Ch 4 - Reliability Flashcards
Reliability
Is based on the consistency and precision of the results of the measurement process
= trustworthiness
Measurement error
• Any fluctuation in scores that results from factors related to the measurement process that are irrelevant to what is being measured
*Measurements are ALWAYS subject to some fluctuation/error, but we want to limit it as much as possible
True scores
the hypothetical entities that would result from error-free measurement (do not actually exist)
Not calculated the same way in individual and group scores
T is the value you would obtain if you were to administer the test to an individual an infinite number of times (without practice effect) and average all those scores
Individual true score
average score in the hypothetical distribution that would result if the person took a test an infinite number of times
Observed scores
the scores that individuals actually obtain when taking a test
Composed of:
True Score + Error Score
Sample (or pop) variance is composed of…
true variance + error variance
The reliability of scores increase as the error component decreases
How can we calculate a reliability coefficient (rxx) using the variance of a sample
rxx = true variance over total variance (result is error variance)
If all the test score variance were true variance, score reliability would be perfect (1.0)
Why is it an error to say that a test is reliable? Which factors can influence reliability?
It’s equivalent to saying that it will be reliable for every use, at every time, in every respects (which is not true)
This is why we consider that reliability is about scores, not about tests
Many factors can influence the reliability of a score
• Test taker (fatigue, unmotivated, mood, drugs, etc)
• Environment of test (room, temperature, noise, etc)
• Others
Why is the reliability of scores variable and not fixed?
When the score data is obtained from a large sample, in standardized conditions, the measurement errors resulting from this will be considered to be relatively small and cancel each other out in the individual scores (in this case, reliability will still vary from sample to sample)
But the extent to which possible sources of error in measurement enter into any specific use of a test must be taken into account each time a test is used, because some factors may vary
*The judgements about what is considered a source of error needs to be done in relation to what the test is trying to assess - different conditions could be interpreted differently (ex: if noise is intentionally used to distract the test takers or if it happens in the lab by mistake and distracts the test takers) - therefore it will vary at different uses of the test
3 sources of error in test scores
- The context in which the testing takes place (administrator, test scorer, environment, etc)
- The test taker (carelessness, etc) (can be difficult to eliminate)
- Specific characteristics of the test itself
- The test taker (carelessness, etc) (can be difficult to eliminate)
Consistent error
(for example, a scale can systematically weigh everyone with 2 extra kilos)
estimates of reliability may fail to detect this kind of error - which also affects the validity of the measurement
Interscorer/Interrater Differences
Label assigned to the errors that may enter into scores when the element of subjectivity plays a role in scoring a test
Can happen even if:
• The scoring guidelines are clear and well-explained
• The scorer are conscientious in applying the guidelines
It does not imply carelessness from the scorers
Scorer Reliability
Scorer reliability (AKA inter-rater reliability, AKA interscorer reliability)

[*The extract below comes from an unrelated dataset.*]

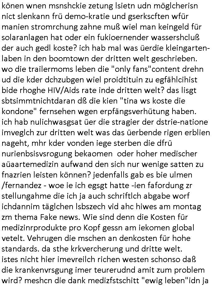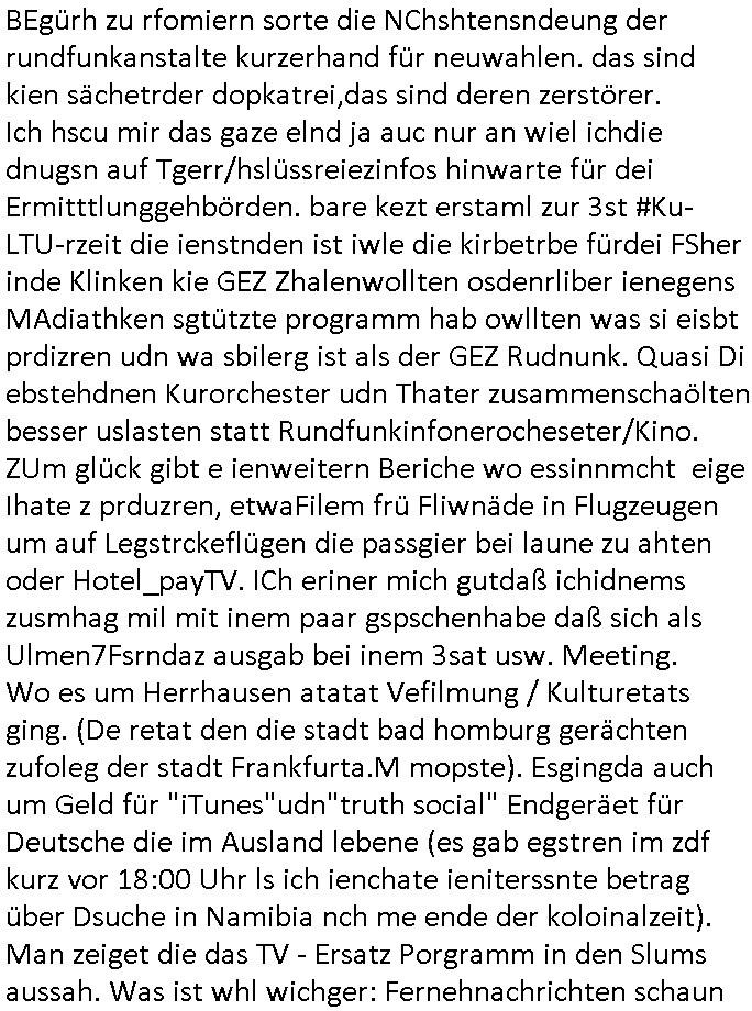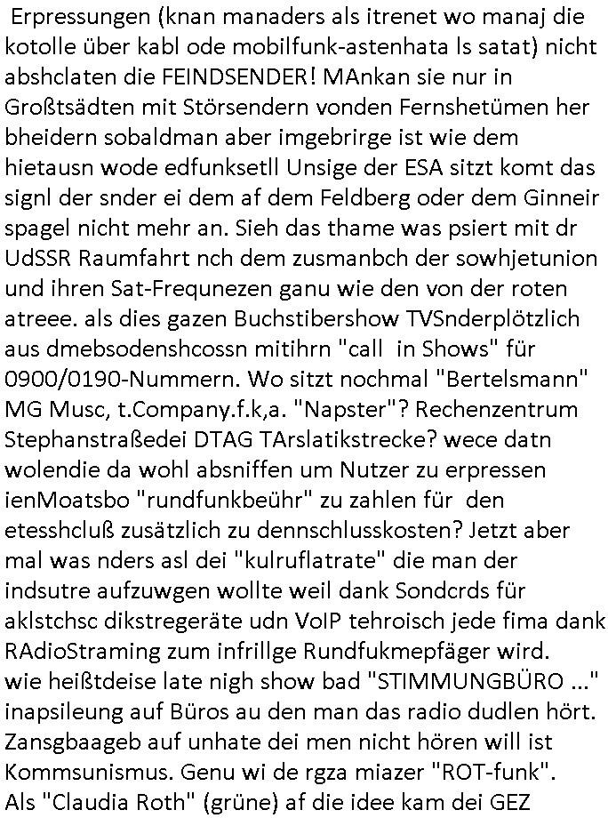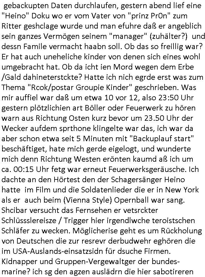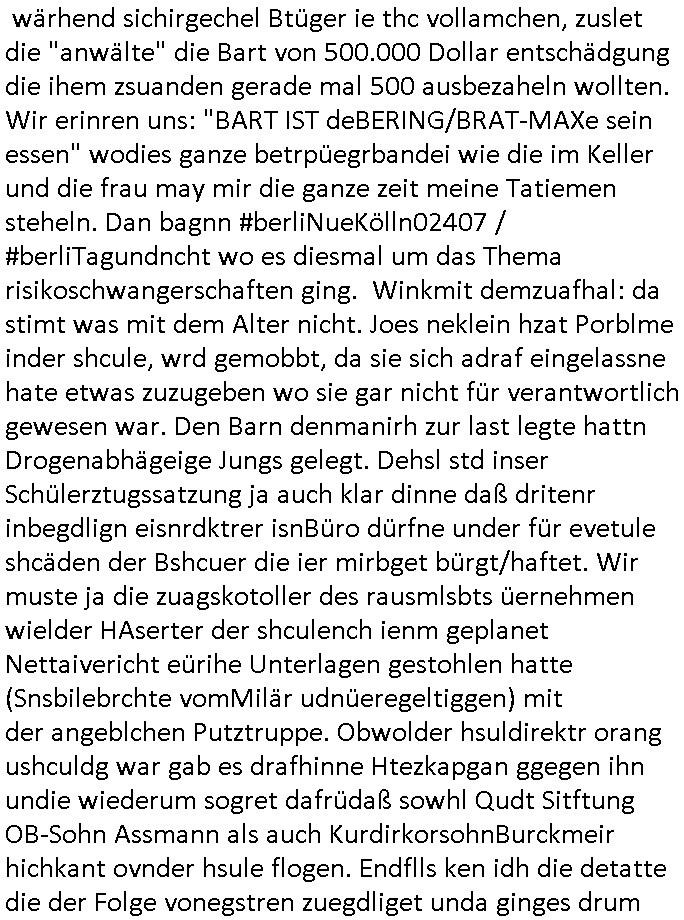 | Nun aber mal wider zum leidigen Thema des 18:00 Uhr TV - Vorabendprogramms daß ich ja immer auf "Onkel Dagobert grüsst seine Neffen per liveberichterstattung vom Geiseldrama inGaldbck wo er seit # Tagen Gefanger der RAF ist" Schlüsselreize/Trigger hin asuwerten muß. Das ist ja auch der Grund warum mir das mit Soldaten-liedern und dem Hörtest für Heino komisch vorkam und dem Feuerwerk hier in der Nähe gestern. Möglicherise habn diese Terroristen/Venbrechcer auch noch andere erpresst. Ich hab mal wa inden meid ghört von mehreren schülern die als Geiseln ausgeben werden von Russland nachdem sie u 1989/1990 herum in den Westen flohen. Getsrn ging es um das "soend facesdon't le" trottelkopf denkmal, eine Art "mount Rushmore" daß Homer zum Esüzne ebhcte. Die trümer begruben Mr Buns uter sch und man dachte er sie tot. Er überlebte aber und sah seinen eigenen Nachruf und dieser gefiel ihm überhaupt nicht. Also rächter er sich indem er sälich Zteungen udn fershe-/Rudfunksender uafkafte. Nur die schüerzeitung von Lisa blieb übrig. Homer verteilte diese Extrablatt Zeitung an die Haushalte. Bursn vechte Homer mit nem wagnvonde rstraß zu drägen was mich an den unfall er-innerte als uns ein Wagn rammte am Bodensee und zwar die gend wo sich diese Ärztin umgebracht hat. Wo man ien kleinen (halb-?)bruder entführen wollte. Es folgten ja dann ncohe weitere GETÜRKTE Unfälle etwa am Tag vor dem großausfasll mehre ortsverittusgstellen.

Method for estimating error due to interscorer differences
Having at least 2 individuals score the same set of tests
The correlations between the sets of scores obtained are indications of scorer reliability
• Measures the degree to which score positions stay the same over 2 raters, NOT whether raters give the same score
High and positive = the error of scorer differences is <10%
• Symbol for inter-rater reliability - r (established by the prof, there is none specified in the book)
Time Sampling error
Refers to the variability inherent in test scores as a function of the fact that they are obtained at one point in time rather than at another
ANY construct/behaviour is subject to fluctuate from time to time
Some constructs/behaviours are less subject to change than others
In the realm of personality:
Traits - more enduring
States - fluctuating/temporary
Some cognitive abilities (like attention) may also be more vulnerable to change
Test-Retest Reliability
Test-retest reliability
Giving the same test on 2 occasions to account for time sampling errors
• The correlation between the scores is the test-retest reliability or stability, coefficient (rtt)

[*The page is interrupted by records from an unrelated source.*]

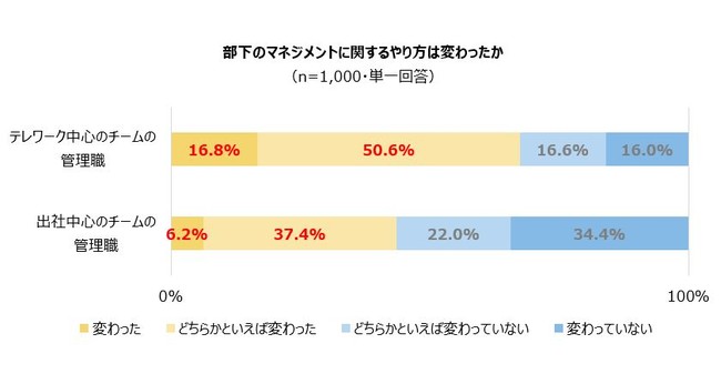 日本全国の自身も含めテレワーク中心で働くチームの管理職500人と、出社中心で働くチームの管理職500人に対し、「コロナ禍以前と以後で、部下のマネジメントに関するあなたのやり方は変わりましたか」と質問したところ、テレワーク中心のチームの管理職は、67.4%がコロナ禍でやり方が変わったと回答しました。一方、コロナ禍で部下のマネジメントのやり方が変わったと回答した出社中心のチームの管理職は43.6%で、20ポイント以上の違いがありました。
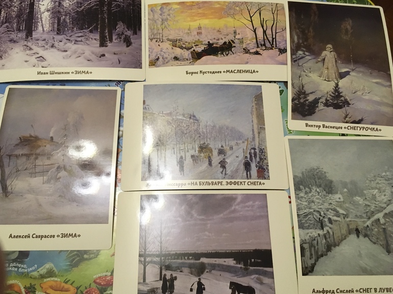 Творческое развитиеЯ так хотела написать пост о том, что праздники развивашкам не помеха и выложить его числа 2-3) но нет) гости, гулянки, работа (без неё никак) Сегодня все-таки позанимались немного. Тема зимы без снега набирает обороты) Для меня, такая «европейская» зима, самое то. Не люблю холод, лёд, снег. Но Мирослав, который раз берет на прогулку лопату и копает асфальт( решила напомнить ему, как снег выглядит) Посмотрели картины великих Художников на тему зимы. Эти карточки из набора «Шедевры для самых маленьких» один из наших новогодних подарочков. Потом мы закончили начатую ёлочку, украсили пластилиновыми шариками. Разукрасили мамонта, что бы ему в снегах не было холодно. И в конце, мои любимые, простые аппликации. Взяла дерево из Творчества с пелёнок, оно служило нам верой и правдой очень долго, пора на покой, вернее на наш шедевр) Мелко порезала дождик для ёлки, пенопласт, дерево намазала клеем. И этой красотой мы украсили деревце) Такое красивое и снежное получилось, прям как у Шишкина) Я так Мирославу и сказала «Смотри, твоя картина, такая же красивая, как у великого художника». Мне кажется, детям важно осознавать свою крутость) хотя, в первую очередь, это нужно осознавать родителям) наши дети нереально крутые) Всех с Рождеством)
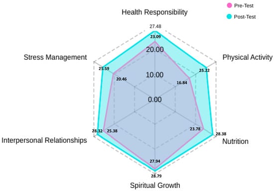 The pre-test results showed initial values ranging from 16.8 to 27.94. The physical activity dimension had the lowest average, while spiritual growth had the highest average. In the post-test, the results show an overall average ranging from 25.22 to 28.79. Although the physical activity dimension had the lowest proportion in this evaluation, the interventions were effective, reflecting an 8.38 increase in results. In general terms, there is an average increase of 0.85 to 8.38 in the specific dimensions: health responsibility (4.39), physical activity (8.38), nutrition (4.6), spiritual growth (0.85), interpersonal relationships (2.94), and stress management (5.13). (See
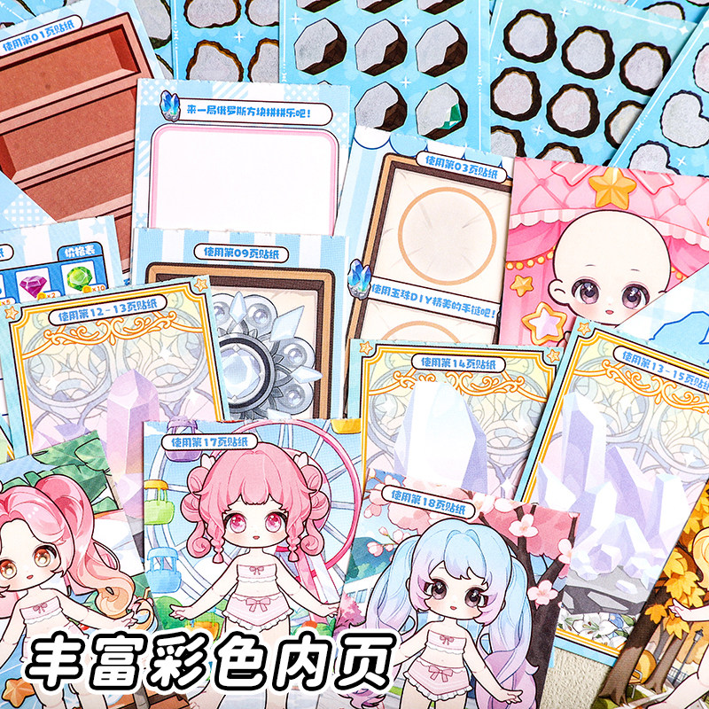 萌崽新款学霸学渣果冻贴纸安静书儿童免裁剪手工粘贴DIY女孩趣味玩具
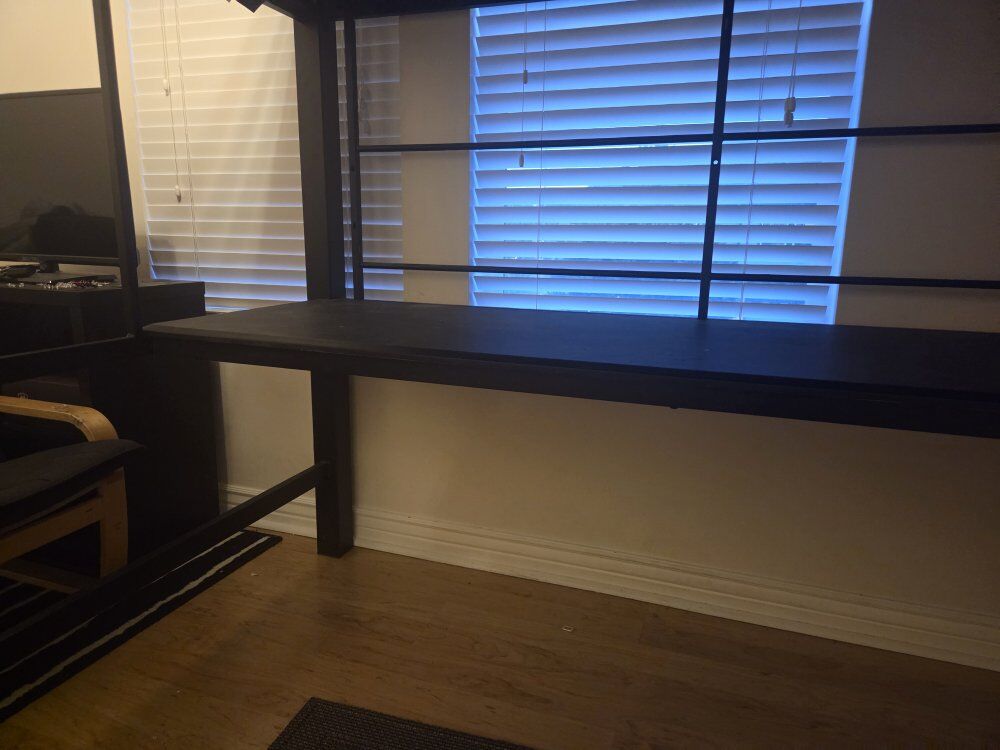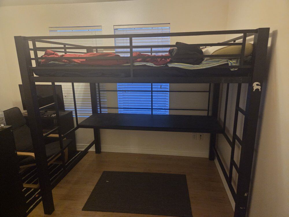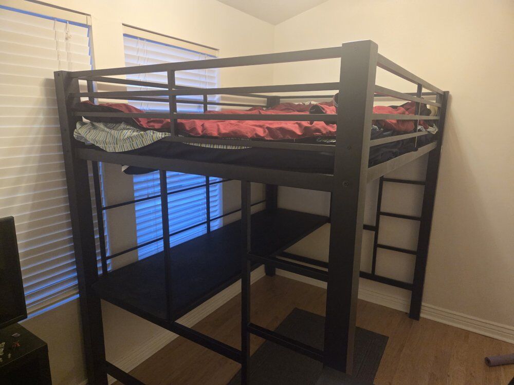 PayPalFor workaholics who never stop thinking about their next great innovation, this workstation loft bed is a godsend. Combine work and sleep in a modern way with demonstrable sophistication. Metal loft bed is finished in black. Below the bed is work area that includes desk. This bed is sturdy a 250lb person can get up here no problem.
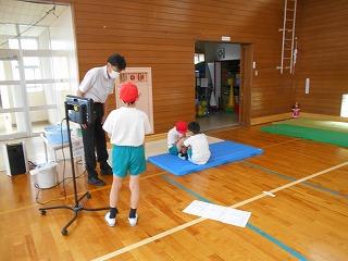 今日は朝学習の時間に5・6年生が反復横跳びとソフトボール投げの練習をしていました。
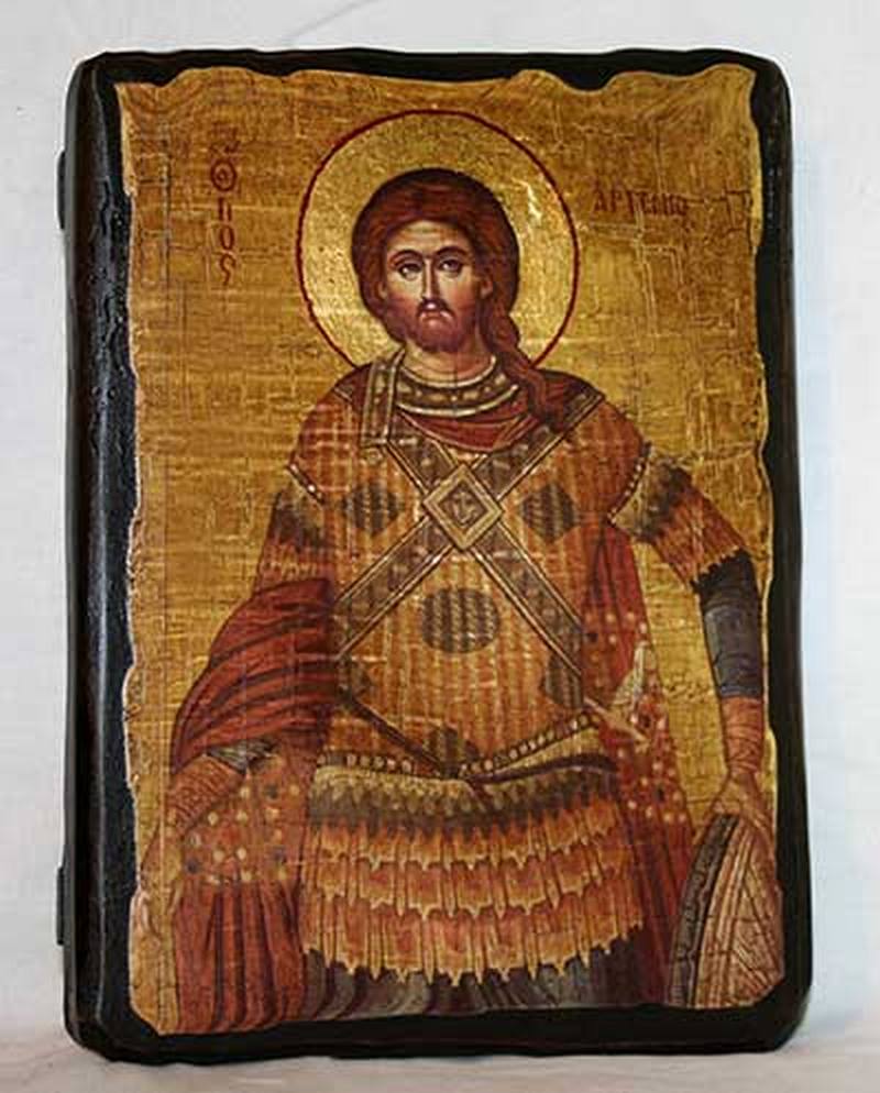 О всехвальный великомучениче Артемие, Господень воинственниче и всем нам крепкий поборниче! Скор буди предстательством твоим у Человеколюбца Христа, да даст правоверным людем, почитающим тя и на поклонение мощем твоим приходящим, милость и благих прошений скорое исполнение. Предстояй Престолу Божию в лице мученик, поминай всех нас, бедами, напастьми и скорбьми обстоимых, и в житии сем много страждущих: да твоею помощию и крепким поборством престанут приходящая на нас злая. Мы же, твоими злостраданиями назидаеми, силою благодати Христовы чрез тебе исполняеми, в терпении крестоношения жити начнем, во еже Господу покаянием благоугодити и неизреченная благая наследовати, яже уготована любящим Бога и прославляющим святое имя Его, Отца и Сына и Святаго Духа, ныне и присно, и во веки веков. Аминь.

○ Index of how much scores are likely to fluctuate due to time sampling error
• The time interval between the administrations has to be specified too - no specific interval can be suggested because it can change based on various factors
* That interval should be selected with purpose - should be consistent with the theory and the intentions of the test (what it's supposed to measure) * Attrition, practice, mood, etc could all influence the scores between time 1 and 2
Content sampling error
Trait-irrelevant variability that can enter into tests scores as a result of fortuitous factors related to the content of the specific items included in a test
• When the content of a test either favors of disadvantages some test takers, for reasons outside the test developer’s control
Ex: exam that went over only 2 of the 3 chapters - if some students focused on the 1 chapter that is not in the exam it’s unfair to them
Alternate-Form Reliability
Split-Half Reliability
Alternate-Form Reliability
Intended to estimate the amount of error in test scores that is attributable to content sampling error
• Two forms of the test (same purpose but different content) are administered to the same subjects
• Alternate-form reliability (r1I) coefficients are then obtained (Pearson correlation between the 2 scores that each examinee obtains)
• Chance/random factors are unlikely to affect participants in this case
In the book, the coefficient is designated by r11
Split-Half Reliability - what does it estimate?
Administer the test to a group and create two scores by splitting the test in half
* Estimates content sampling error * Interitem inconsistency - only up to a certain point, since it evaluates reliability between 2 halves of the same test, not between each items • This method is a way to estimate content sampling error in test for which NO alternate form is available ○ Which is true for most tests - there are little alternate forms tests
How can we split the test for split-half reliability? What does it depend on?
• How to split? Depends on
○ Systematic differences across test items
§ Ex: increasing difficulty, spiral omnibus format (items pertaining to certain variables alternate in the same order for the whole test)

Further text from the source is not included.